A Timeless Gaming Classic Approaches 40 Years and Supports Contemporary Research: Super Mario Encounters AI


# Not a New Benchmark, but Nonetheless Intriguing: Mario as a Metric for AIs

## AI Metrics: From Logic to Interactive Gaming

Artificial intelligence (AI) models are frequently assessed using metrics that evaluate their mathematical, logical, and analytical skills. However, the team at the University of California San Diego (UCSD) has adopted a unique strategy: rather than relying on conventional assessments, they permitted AI models to engage in *Super Mario Bros.* This innovative trial, as reported by *TechSpot*, underscores a vital element of AI performance—timing and immediate decision-making.

## The Study: GamingAgent as an AI Operator

The research group at UCSD’s Hao AI Lab created **GamingAgent**, a framework that enables AI models to manage Mario through Python code. This configuration was based on an emulated incarnation of *Super Mario Bros.* for the NES.

The AIs received straightforward instructions such as **”Leap over this foe”** and were shown screenshots for context. The objective was to assess how effectively the models could devise their strategies and adjust in real-time.
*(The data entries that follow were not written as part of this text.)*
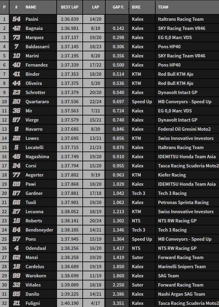 Derrière on trouve Xavi Vierge et Remy Gardner (Mistral M610, Tech 3 Racing), tout de suite dans le rythme, devant Mattia Pasini (Kalex, Italtrans Racing Team) et Miguel Oliveira (KTM, Red Bull KTM Ajo).
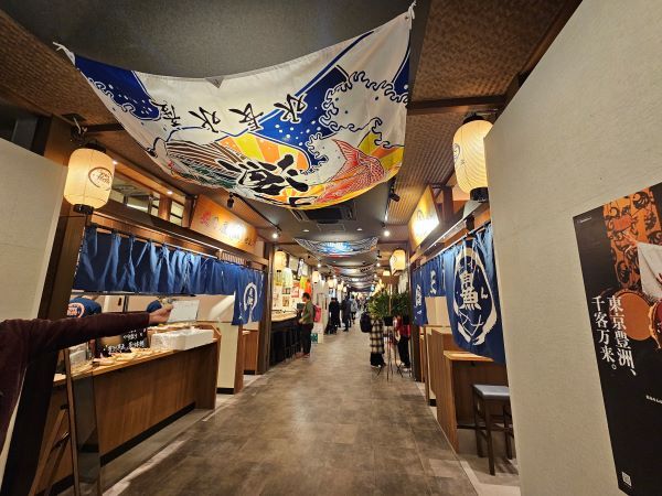 屋外の「豊洲目抜き大通り」に並行して、屋内に「目抜き横丁」の通りがあります。いずれも、飲食店や食材販売店、土産店が並びます。
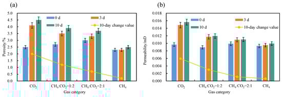 The change in shale physical properties under different gas effects: (a) the change in porosity under different gas effects and (b) the change in permeability under different gas effects.
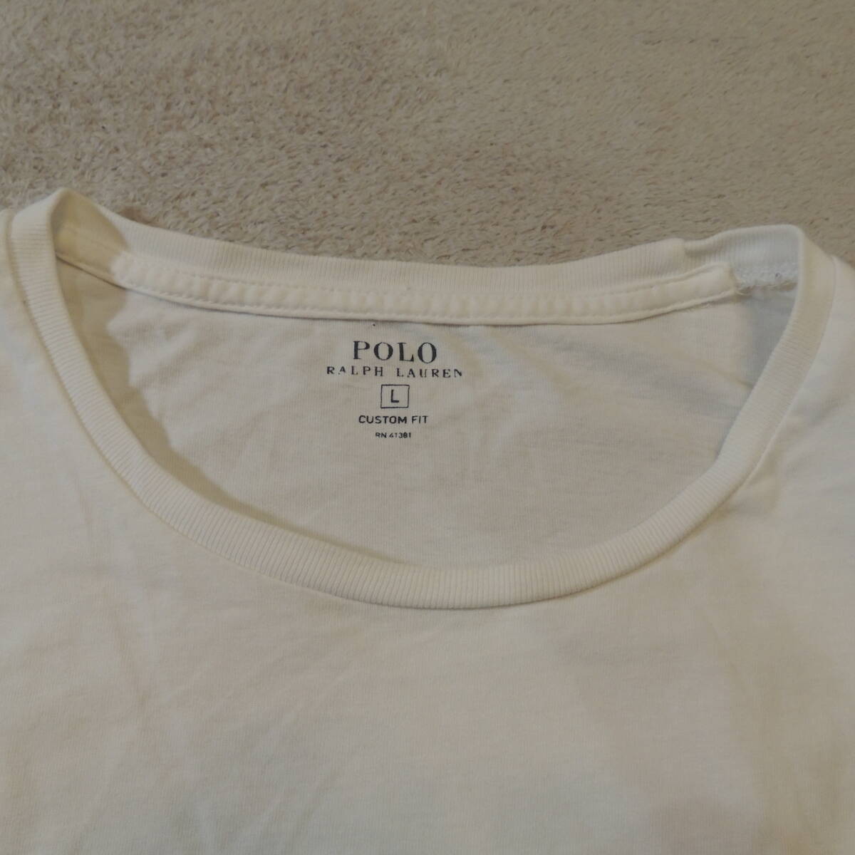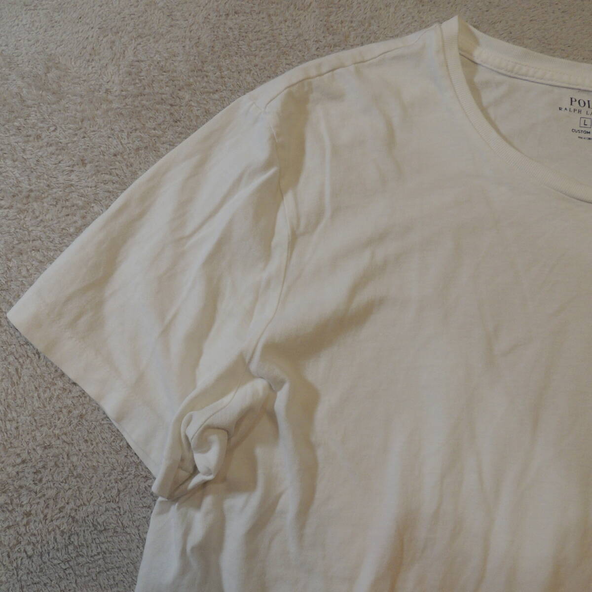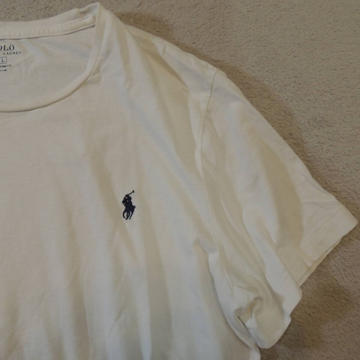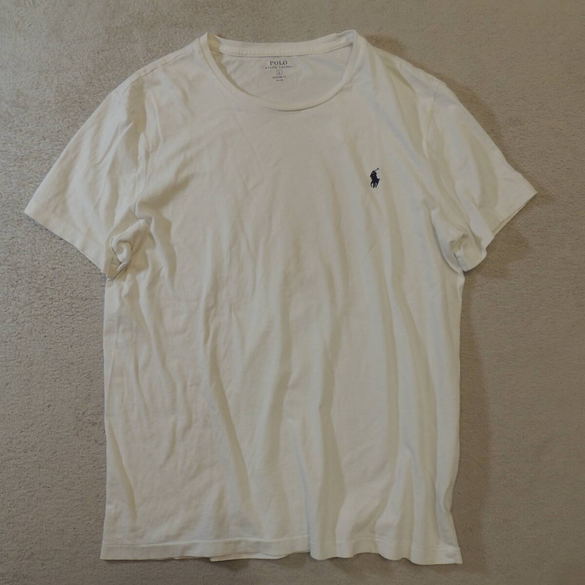 POLO RALPH LAUREN ラルフローレン 胸刺繍ロゴ クルーネック 半袖Tシャツ 純白 ホワイト メンズL
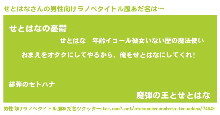 | ヒーロー風カッコイイあだ名 | 『正義の使者せとはな』『仮面セトダー』 |
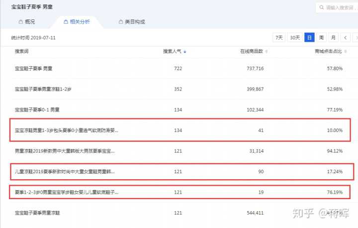 将“宝宝鞋 夏季 男童”舒服到生意参谋进行搜索,可以看到其中红色标记的三个细分类目竞争明显相对较低,而且是搜索人气大于在线商品数的。
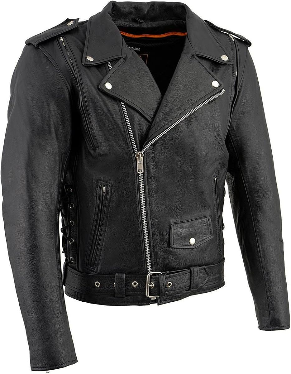 Milwaukee Leather LKM1775 Men's Black Leather Vented Jacket with Side Laces
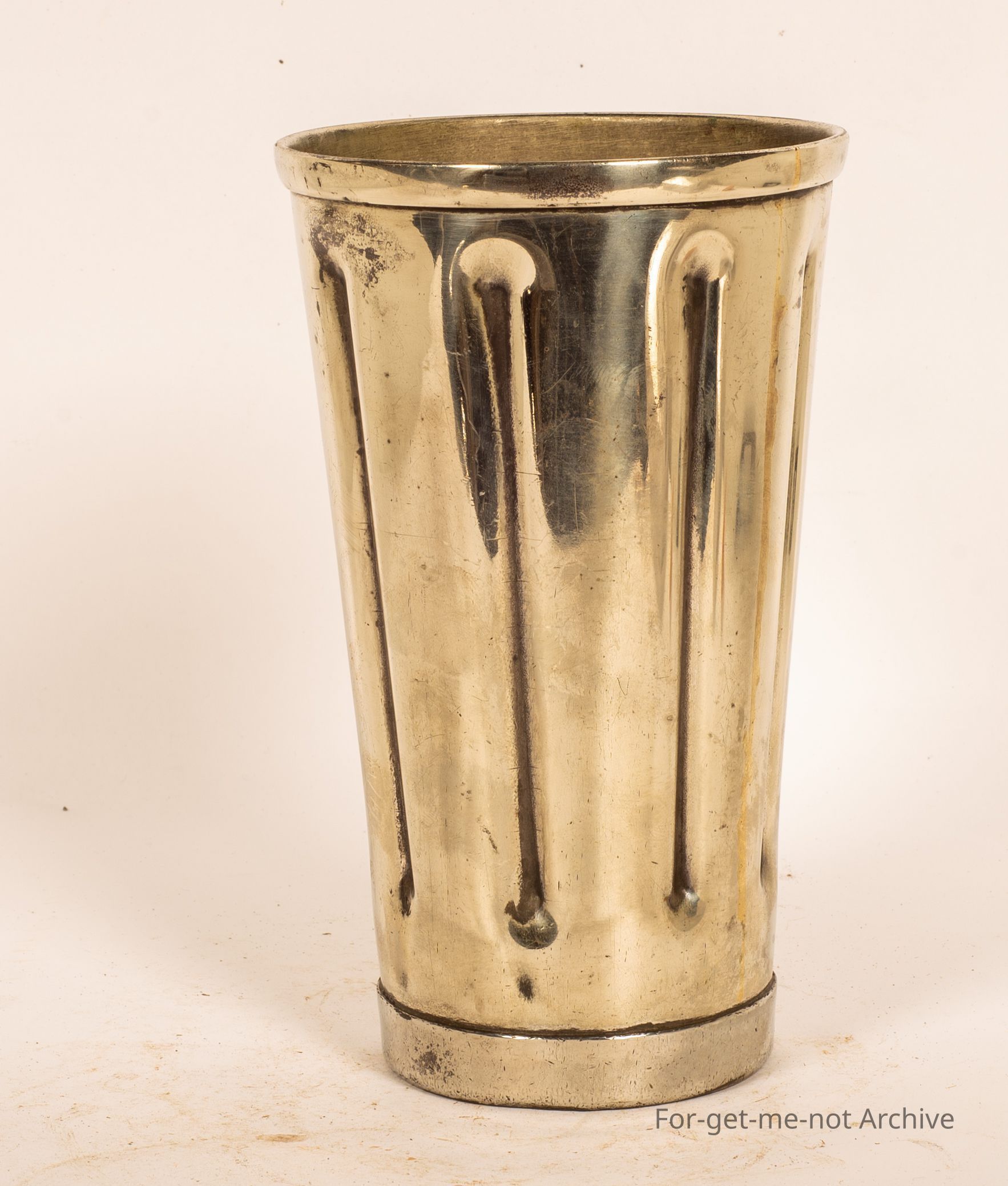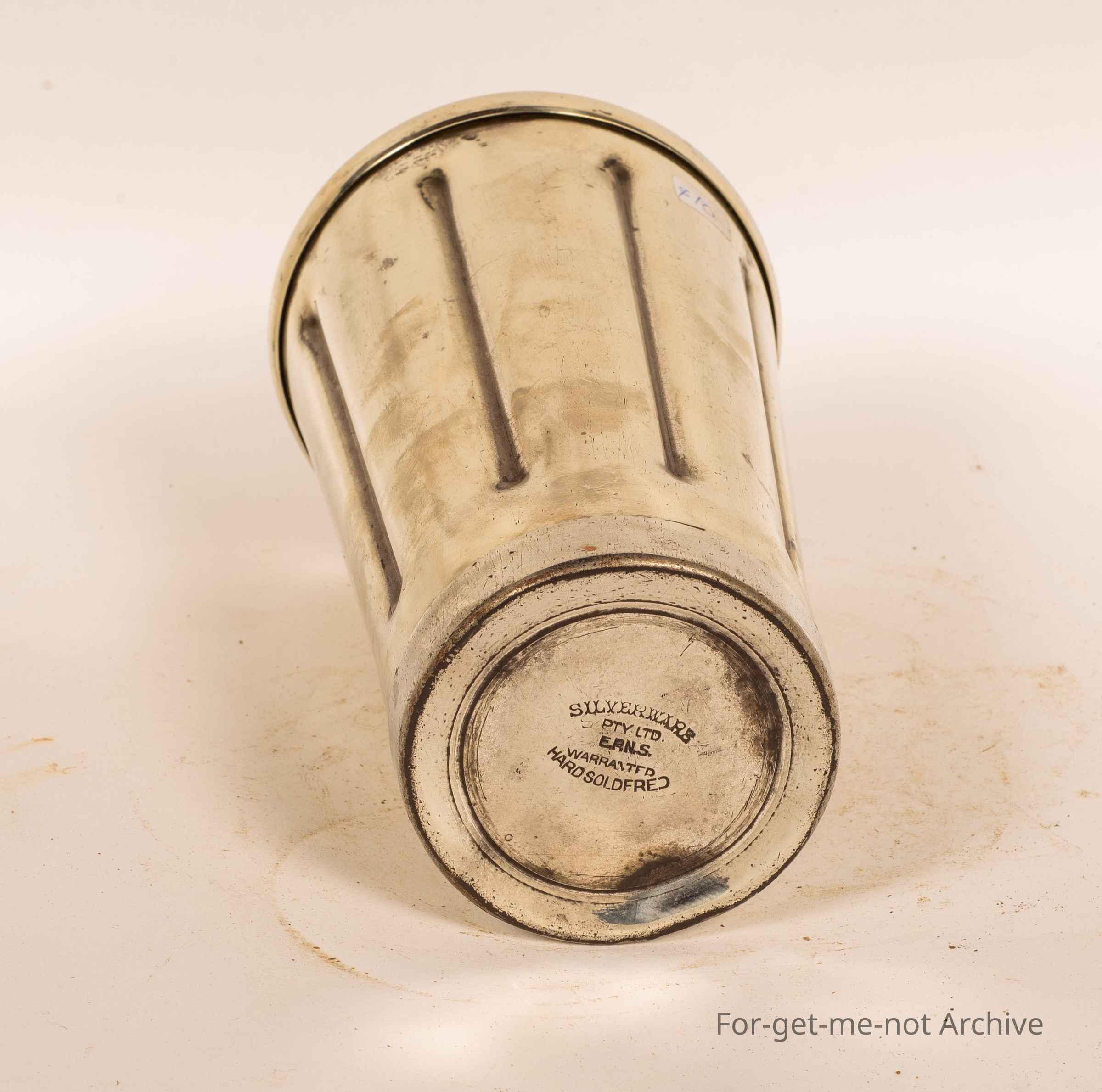This is a glorious milkshake cup that went on to the milkshake machine, fluted all around. This is, stamped on the bottom, Silverware Proprietary Limited, hard soldered. This is the best condition one that we have foundCollection

## Unexpected Findings: Claude 3.7 Shines, GPT-4o Faces Challenges

The findings of the study were surprising. **Anthropic’s Claude 3.7** excelled beyond all other models, exhibiting accurate jumps, adept enemy evasion, and assertive gameplay. Its predecessor, **Claude 3.5**, also performed commendably, although not as impressively.

In contrast, **OpenAI’s GPT-4o and Google’s Gemini 1.5 Pro encountered considerable difficulties**. Despite their advanced logical reasoning capabilities, these models often struggled with fundamental game actions. They frequently mistimed leaps, plunged into pits, or collided with adversaries—indicating that their decision-making processes were too sluggish for the game’s rapid pace.

## Quickness Trumps Logic

One crucial insight from this experiment is that **swift reflexes and real-time adaptability outweigh intricate logic—at least when it comes to playing Mario**.
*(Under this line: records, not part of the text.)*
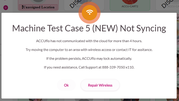Note: Local installed versions of ACCUflo have the ability to work without an internet connection as a fail-safe; however, these ACCUflo devices should be connected to the network as often as possible.Offline Notification
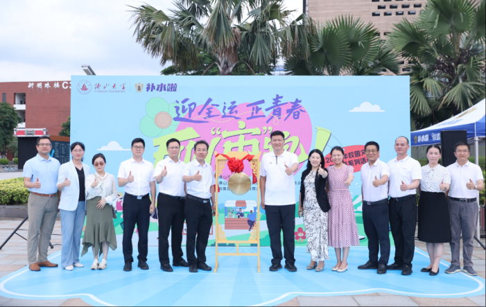 5月21日,由共青团佛山大学委员会和共青团佛山市南海区团委联合主办的“青春市集”在佛山大学有为广场热闹开市。中国青年创业就业基金会副秘书长梁范栋、学校党委副书记钟飞健、佛山团市委书记徐旭雁等领导出席活动,与全校数千名师生共同开启这场初夏的融运动、创意与文化的青春盛宴。
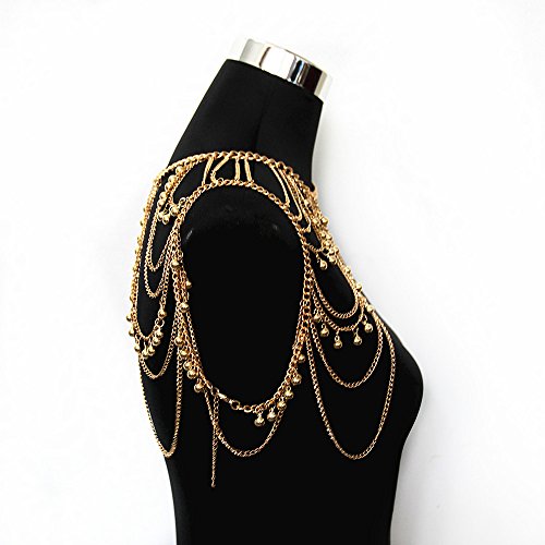 -. Title : JoJo&Lin Gold Tone Harness Multilayer Body Chain with Bells Necklace Love Rocks Shoulder Drape
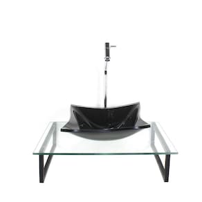 dimensões: - bancada de vidro: 50cm x 35cm largura x profundidade - cuba de vidro quadrada: 30cm x 30cm comprimento x profundidade

Although some AI models tried to “reason out” situations, this tactic resulted in **delays in implementation**. In *Super Mario Bros.*, mere milliseconds can make the difference between success and failure. The researchers hypothesize that models like GPT-4o waste too much time calculating before taking action, resulting in subpar in-game performance.

## Can Retro Games function as AI Metrics?
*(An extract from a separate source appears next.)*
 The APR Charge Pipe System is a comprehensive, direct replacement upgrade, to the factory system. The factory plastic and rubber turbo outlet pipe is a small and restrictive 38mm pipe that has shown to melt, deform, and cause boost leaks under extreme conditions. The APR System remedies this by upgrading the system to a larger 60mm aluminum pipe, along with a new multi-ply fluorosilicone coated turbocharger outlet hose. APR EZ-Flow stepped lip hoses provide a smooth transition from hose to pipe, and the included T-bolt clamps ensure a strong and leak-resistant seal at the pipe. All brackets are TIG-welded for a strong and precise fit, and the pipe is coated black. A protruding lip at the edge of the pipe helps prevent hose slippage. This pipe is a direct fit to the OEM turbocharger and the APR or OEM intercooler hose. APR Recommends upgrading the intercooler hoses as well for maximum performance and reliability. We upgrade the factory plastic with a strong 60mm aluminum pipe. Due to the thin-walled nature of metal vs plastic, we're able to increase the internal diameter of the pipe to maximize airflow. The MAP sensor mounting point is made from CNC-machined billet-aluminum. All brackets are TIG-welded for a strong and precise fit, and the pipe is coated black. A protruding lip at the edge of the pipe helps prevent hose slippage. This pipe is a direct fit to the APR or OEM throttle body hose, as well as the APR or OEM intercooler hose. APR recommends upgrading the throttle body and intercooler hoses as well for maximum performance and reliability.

This study poses a compelling question: **Can classic video games serve as useful AI metrics?**

While excelling at *Super Mario Bros.* does not guarantee that an AI can tackle intricate real-world challenges, the evaluation offers significant insights. It emphasizes the necessity of **quick, instinctive decision-making**, which is essential in numerous real-world scenarios, including robotics, autonomous navigation, and real-time strategy development.

## Final Thoughts

The UCSD research illustrates that AI effectiveness depends not only on sheer computational capacity or logical reasoning but also on **how swiftly and adeptly an AI can respond to changing environments**. Though *Super Mario Bros.* may not evolve into a standard AI benchmark, it provides an intriguing method for assessing AI adaptability and responsiveness.

As AI continues to advance, unconventional evaluations like this could aid researchers in better grasping the strengths and limitations of various models, paving the way for more sophisticated and proficient AI systems in the future.